Kemenkeu Ringankan Penyelesaian Piutang Negara saat Pandemi
- Kemenkeu.go.id
VIVA – Pemerintah menerapkan kebijakan keringanan penyelesaian piutang negara selama Pandemi COVID-19. Kebijakan ini diinisiasi Direktorat Jenderal Kekayaan Negara (DJKN) Kementerian Keuangan.
Pemberian keringanan penyelesaian piutang ini ditetapkan dalam Peraturan Menteri Keuangan (PMK) Nomor 15/PMK.06/2021 yang berlaku sejak 9 Desember 2020. Kebijakan ini dinamakan Crash Program.
Direktur Jenderal Kekayaan Negara Isa Rachmatarwata menjelaskan, kebijakan ini merupakan bentuk terobosan pemerintah untuk membantu mempermudah mereka yang memiliki komitmen membayar utangnya ke pemerintah.
"Kita ingin membantu mereka yang punya itikad baik untuk selesaikan kewajibannya tapi karena kendala pandemi COVID yang membuat mereka mengalami kesulitan," tegas dia, Jumat, 26 Februari 2021.
Baca juga: Jejak Tan Kian, Bos Pacific Place yang Dibidik di Kasus Asabri
Adapun jenis Crash Program ini berupa keringanan dan moratorium. Objek yang bisa mendapat keringanan berupa debitur UMKM sampai dengan Rp5 miliar serta debitur KPR sederhana dan sangat sederhana.

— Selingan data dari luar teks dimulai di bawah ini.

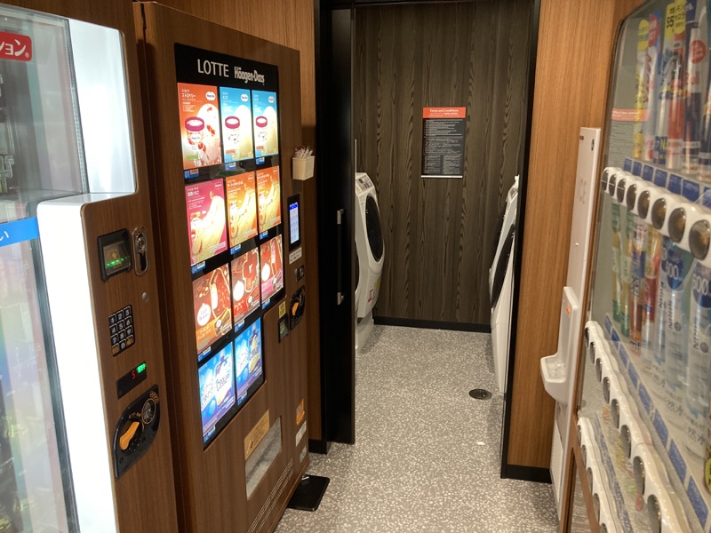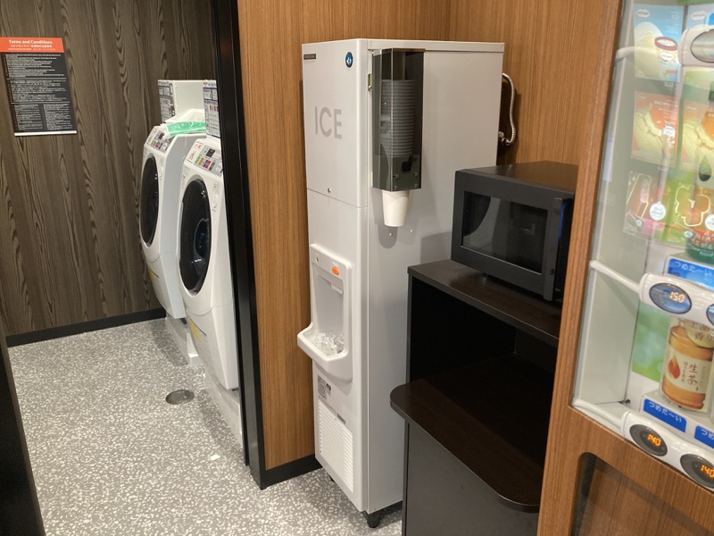 手前からドリンクの自動販売機、電子レンジ、製氷機、コインランドリー。

Selain itu juga terhadap debitur selain UMKM dan KPR sampai dengan Rp1 miliar serta mereka-mereka yang piutangnya sudah diserahkan pengurusannya kepada PUPN paling lambat 31 Desember 2020.
"Kita akan coba berikan solusi alternatif supaya mereka bisa selesaikan kewajibannya dan mulai kegiatan baru dengan hati yang lebih tenang pikiran lebih jernih untuk bisa cari pembiayaan baru," tutur dia.
Sebagai pengecualian, piutang yang tidak mendapat keringanan diantaranya piutang tuntutan ganti rugi, piutang yang berasal dari bank dalam likuidasi, piutang ikatan dinas serta yang dengan jaminan berupa asuransi, surety bond atau bank garansi.
Bagi piutang yang didukung barang jaminan berupa tanah bangunan mendapat keringanan bunga denda dan ongkos sebesar 100 persen dengan pokok utang mencapai 35 persen.
Ini akan mendapat tambahan keringanan pokok 50 persen jika para pemilih utang negara mampu membayarkan kewajibannya lebih cepat sampai dengan Juni, 30 persen Juli-September dan 20 persen Oktober-Desember.
Sedangkan yang tidak didukung barang jaminan berupa tanah bangunan diberikan keringanan bunga, denda dan ongkos sebesar 100 persen dan pokok utang 60 persen dengan besaran tambahan seperti sebelumnya.
Adapun yang diberikan keringanan dalam bentuk moratorium, ditegaskannya berupa tidak adanya penagihan utang mereka terhadap negara sampai dengan status kebencanaan COVID-19 dicabut pemerintah.